Orange für Willem van Oranje

Ursprünglich waren Karotten weiß oder violett. Im 16. Jahrhundert kamen niederländische Pflanzenzüchter jedoch auf die Idee, Prinz Wilhelm I. die Karotte zu widmen, gewissermaßen als vegetabilen Orden für seine herausragenden Leistungen auf dem Gebiet des Katholikenmassakrierens. Die Monarchen-Möhre, welche den Gärtnern vorschwebte, sollte nicht einfach nur den Namen des Herrschers tragen, sondern diesem auch durch ihre Farbgebung huldigen. Wegen Willem van Oranje besitzt die moderne Möhre deshalb ihre unnatürliche Farbe.

Aus

Erstellte man eine Liste der wichtigsten Erfinder der Geschichte, landete auf Platz eins möglicherweise nicht Vint Cerf, der Vater des Internets und auch nicht Henry Ford – sondern Antoine Parmentier, der Wegbereiter der Kartoffel.
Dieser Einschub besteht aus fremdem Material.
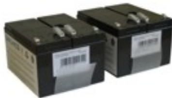
Abb. 3: BCZD1440
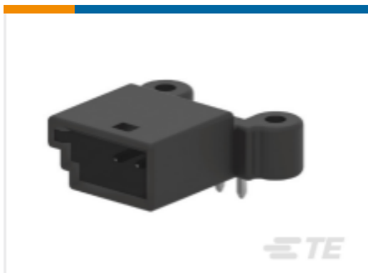
TE 产品编号175977-2 Signal Header
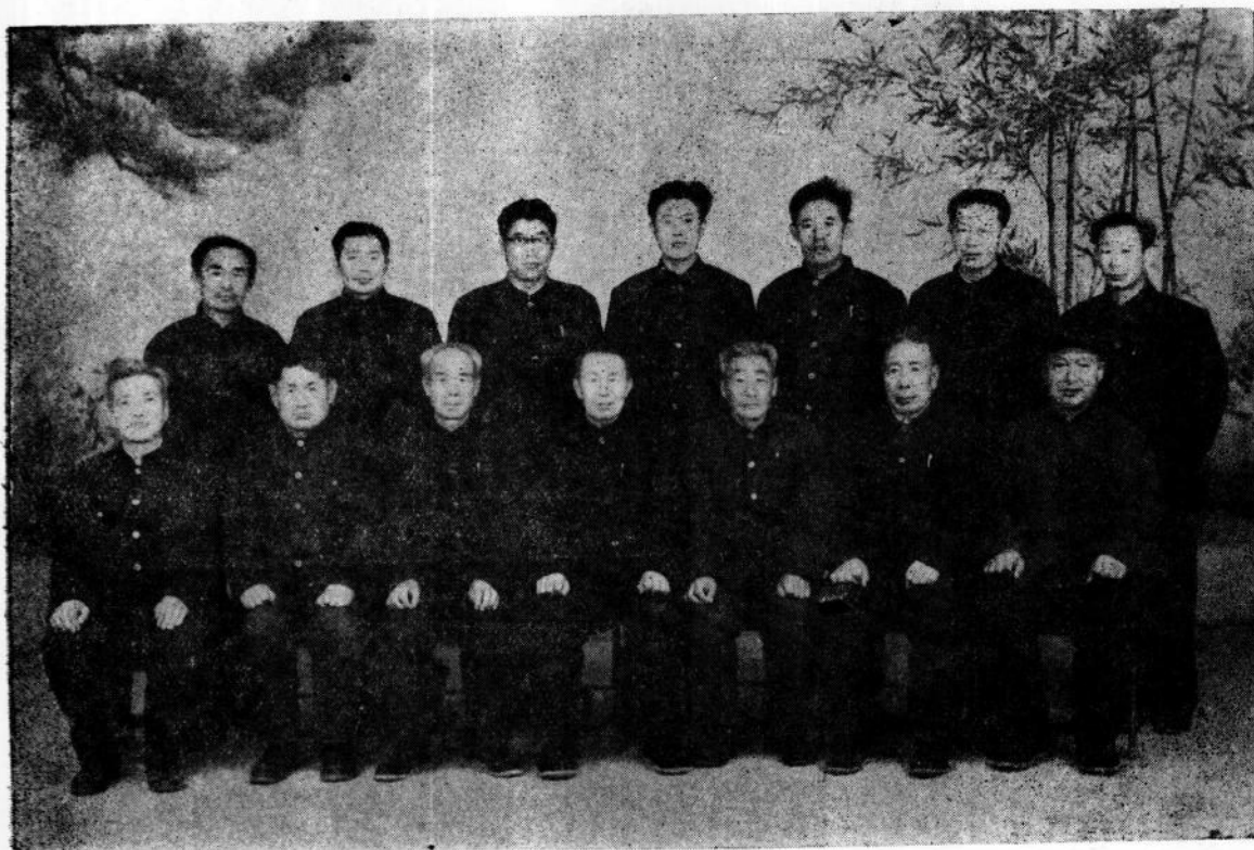
《巴林左旗志》初次审稿会议全体成员
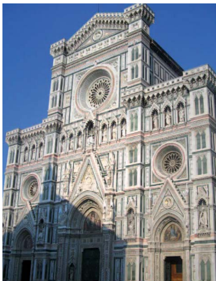
Katedrála Santa Maria del Fiore
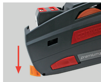
Figura 11 Pegar la etiqueta
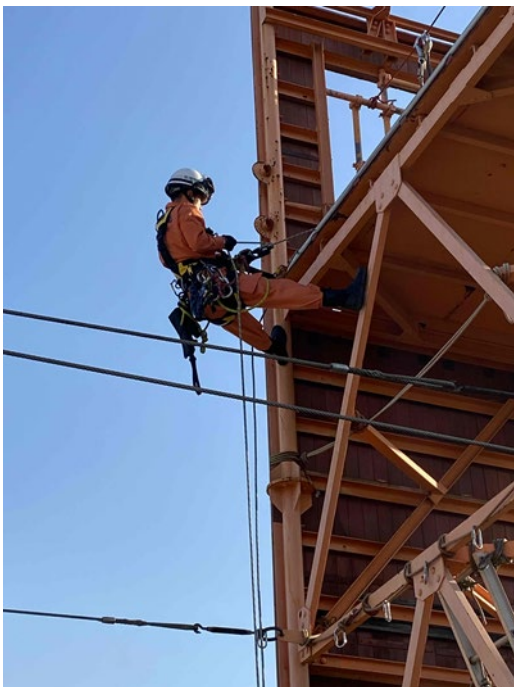
降下体勢をとり、降下準備
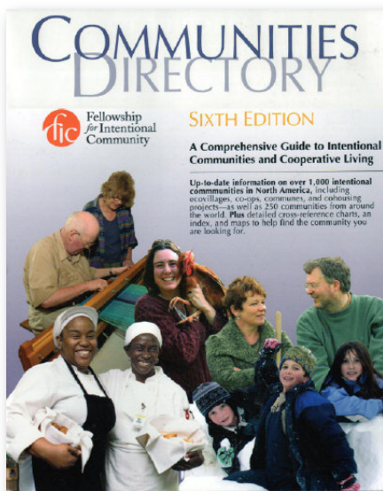
FICs sjätte katalog över avsiktliga gemenskaper.

Kollektivhusen ingår i det vidare amerikanska nätverket FIC, Fellowship for Intentional Community ( www.ic.org ). Begreppet kan översättas med »avsiktig gemenskap«, det vill säga ett kollektiv som avviker från den traditionella släkt- eller bygemenskapen genom att man inte föds in i den utan
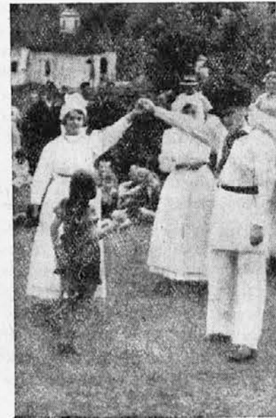
Belokranjsko velikonočno kolo

Številke v oklepajih ti dajo ključ za črke v imenih vasi. Kaj ti te črke po vrsti povedo?
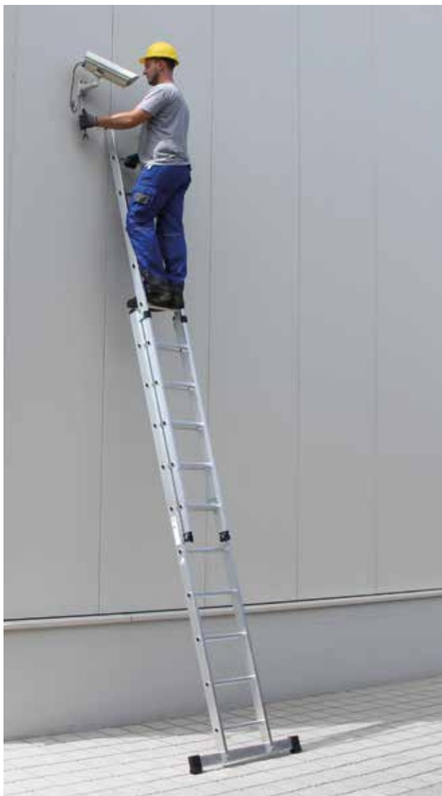
Артикул № 20810
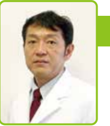
禎心会病院 脊椎・脊髄末梢神経センター長

高齢化社会を迎え、しびれ、痛みでお悩みの方は年々増加しています。当センターはそのような方々を専門に診ています。
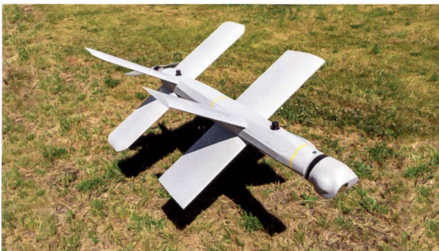
Le drone-kamikaze de Kalachnikov.
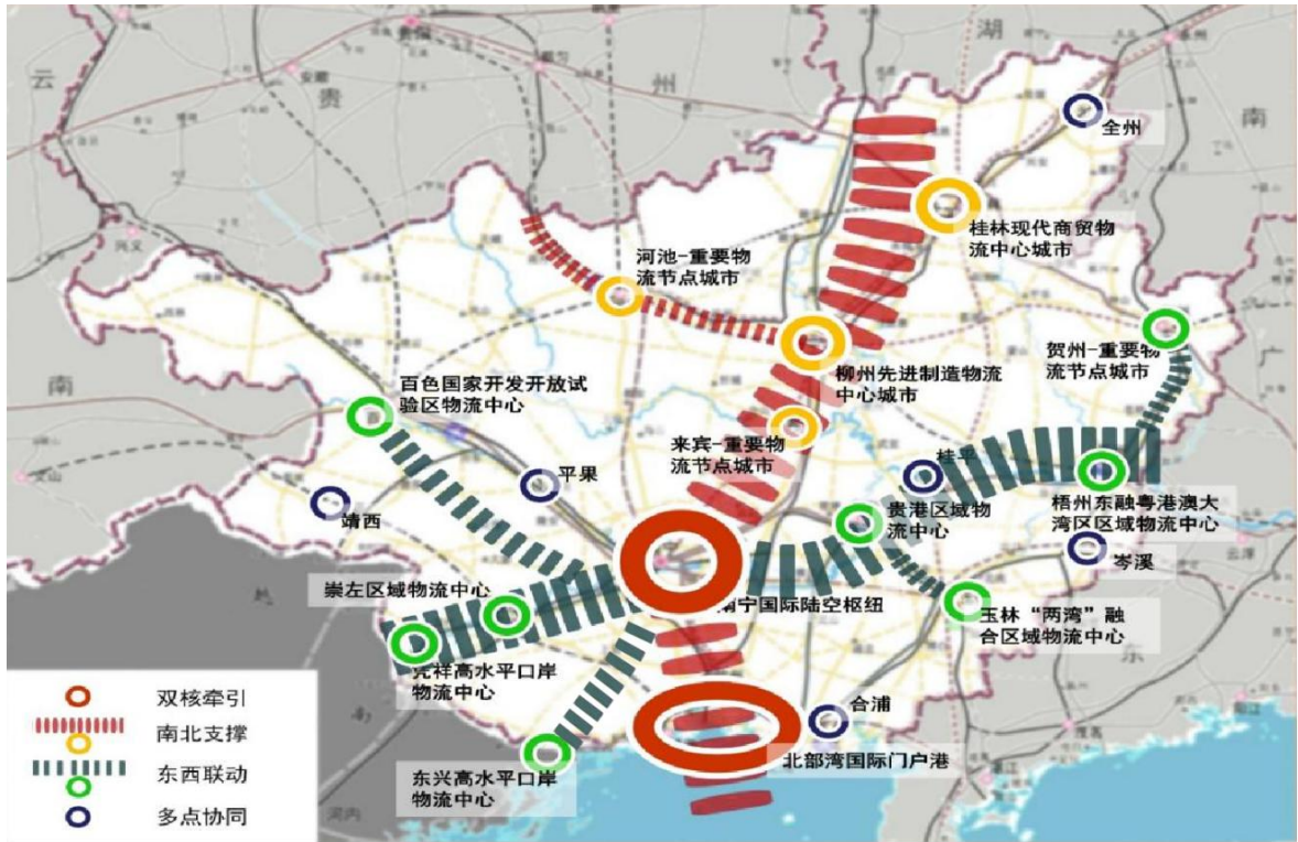
图 1 广西物流空间总体布局
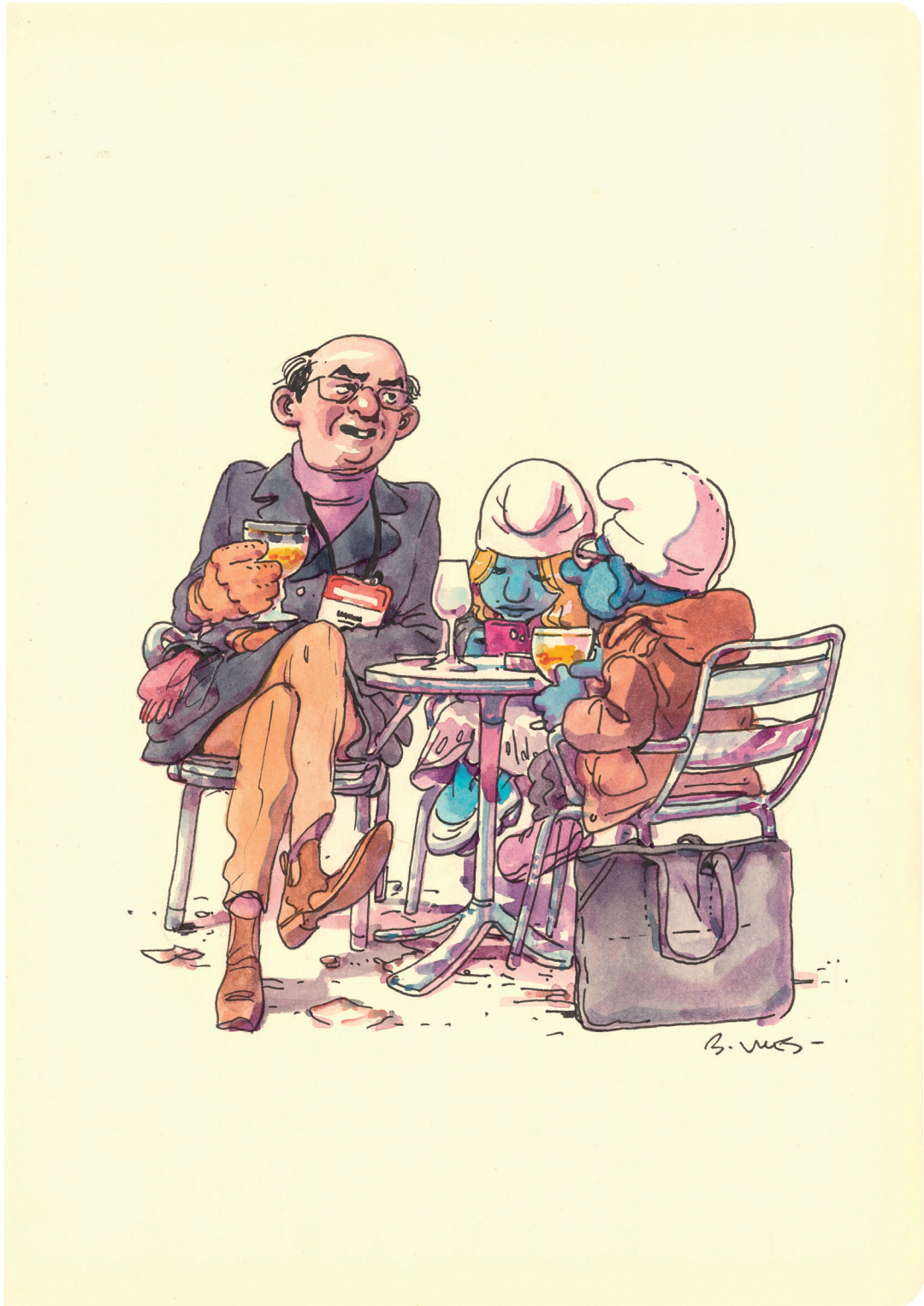
Rue Herge - Aquarelle et encre de Chine sur papier - 16 x 16 cm
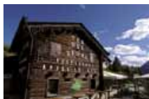
RISTORANTE Tea del Vidal LIVIGNO Via Bondi, 59 Tel. (+39) 0342 996 129
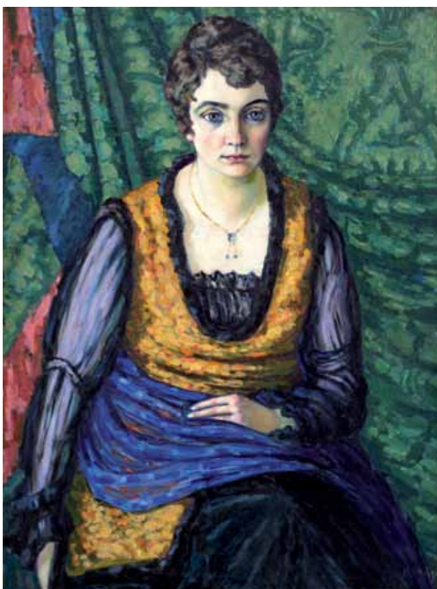
Konrad Mägi (1878-1925)

Maal “Itaalia maastik. Rooma” on formaadilt üks suuremaid selle perioodi teoseid. Lõuendilt on näha vormide muutumist nurgeliseks ning koloriidis ilmneb eriline intensiivsus. Selles on tajutav Konrad Mäe loomus ja elulugu – puunikerdajana alustanud kunstiõpilasest oli saanud maailmatasemel kunstnik. Töö puhul tasub tähele panna kompositsiooni ülesehitust. Mägi on keskmesse asetanud templilaadse ehitise, kuhu suunduvad daamid nii oma kaaslaste kui lastega. Seda ümbritsevad raamina purskkaev, kõrguvad hooned, puud ja põõsad ning skulptuur. Sel moel on ta justkui võtnud kokku linna olemuse, koondades ühte vaatesse iseloomulikud detailid.
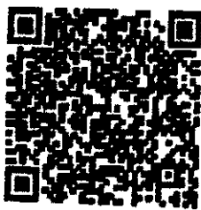
กลับไปชมภาพประชาชน
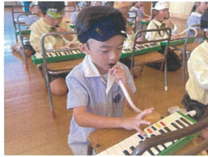
高速スピードの ひげじいさん♪
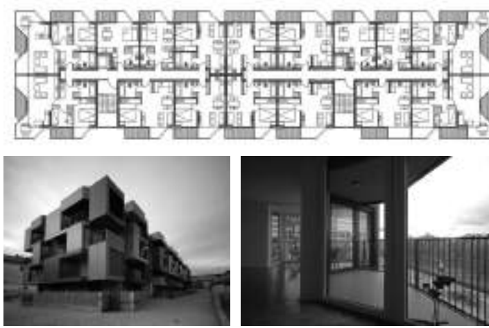
Görsel 4. Tetris Apartmanı (Lubiana) plan ve görünüşleri. Duran, S.C. (2009) Yüksek Yoğunluklu Konutlar: Büyük Şehirlerdeki Yeni Konut Eğilimleri. (104-112). YEM Yayın, İstanbul.

lanmıştır (Holchim Foundation, 2013). İç mekân tasarımları oldukça sade olan Benny Farm konutlarında bu sadelik işlevsel olarak maksimumda kullanılmış ve değişen kullanıcı sayısı ve fonksiyonlara kolayca adapte edilebilecek esnek mekânlar yaratılmıştır (Görsel 5).
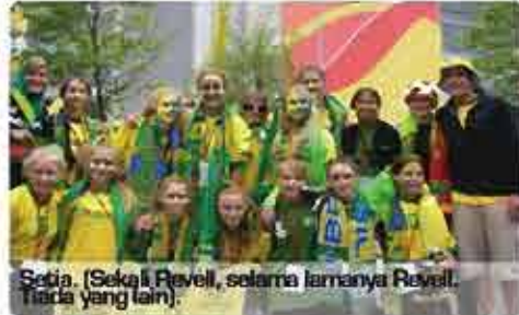
Setia. (Sekali Revell, selama lamanya Revell. Tiada yang lain).

Verglichen mit der Wirkung der Knolle auf unsere Gesellschaft, nehmen sich die Folgen von iPhone oder Auto geradezu bescheiden aus. Warum? Weil es nicht die Dampfmaschine war, die die Industrialisierung möglich machte. Es war die Kartoffel.

Keiner wollte die Kartoffel

Kolumbus hatte die Knolle mit nach Europa gebracht. Aber zunächst wollte sie niemand essen. Abergläubische Menschen meinten, Kartoffelverzehr führe zu Lepra. Und selbst weniger hysterische Zeitgenossen wie der französische Philosoph Denis Diderot ließen kaum ein gutes Haar an ihr: "Egal, wie man sie zubereitet", schrieb er in seiner "Encyclopédie", "die Wurzel schmeckt nach nichts, außer nach Stärke." Dass sie Krankheiten verursache, hielt er für Unsinn. Aber man könne "sie nicht als Genuss bezeichnen... sie ist für jene, die lediglich am Nährwert interessiert sind." Außerdem dürfe der Kartoffelesser nichts gegen schlimme Blähungen haben, so Diderot. Denn sie sei äußerst "windig".